Robin’s hip carry proved to be the best way to get comfortable with this wrap. Partly pre-tightened, it allowed me to do most of the adjusting before putting D in, and the supportiveness meant she was weightless in a single layer whilst the bulky shoulder leant a lot of cush where it was needed. It also showed off both sides of the wrap; the bold, blocky ‘right’ side and the subtler, prettier ‘wrong’ side too.
Klee is so beautiful I have spent quite a bit of time folding and unfolding him, petting him and taking his picture. He is so beautiful and complicated and lovely. He is a meta-wrap, somehow more than the sum of his parts. Every time I put him on he appears completely different. There’s just so much of him, and so much variety in the colourways and how they group and contrast against each other.

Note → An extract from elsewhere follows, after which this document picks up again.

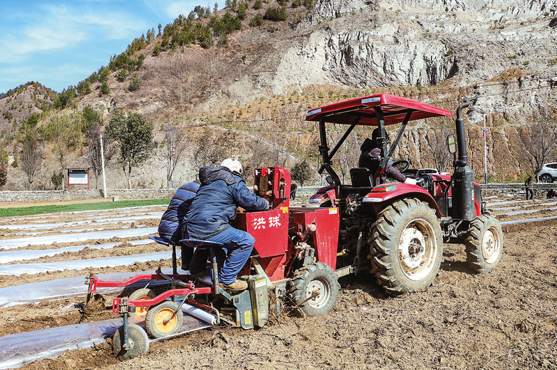筆者走進四皓街道連河村,只見農(nóng)機人員駕駛播種機在地塊平整、規(guī)模較大的田間來回穿梭,進行播種、覆膜;村民三五成群在規(guī)模較小的地塊進行整地起壟、開溝、播種、施肥、覆膜……各項工序有條不紊,不一會兒,一行行覆蓋好薄膜、排列整齊的田壟就呈現(xiàn)在眼前。
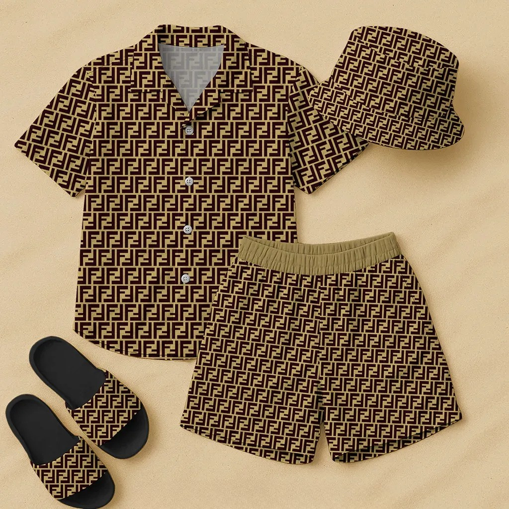 Fendi Men Combo Hawaiian Short Set With Hat and Slippers A26092518

In the real, pragmatic world, the only way I could get much babywearing use out of Klee would be as a shortie or maybe a ring sling. He’s just too thick to wind around my tiny little girl’s legs, and she wriggles too much to achieve precise and perfect wrapping in a split second. But I feel so lucky to have had him to stay. There are few wraps out there as highly prized, highly sought after and widely admired as this one. If you get the chance to meet him one day, do! He will take your breath away.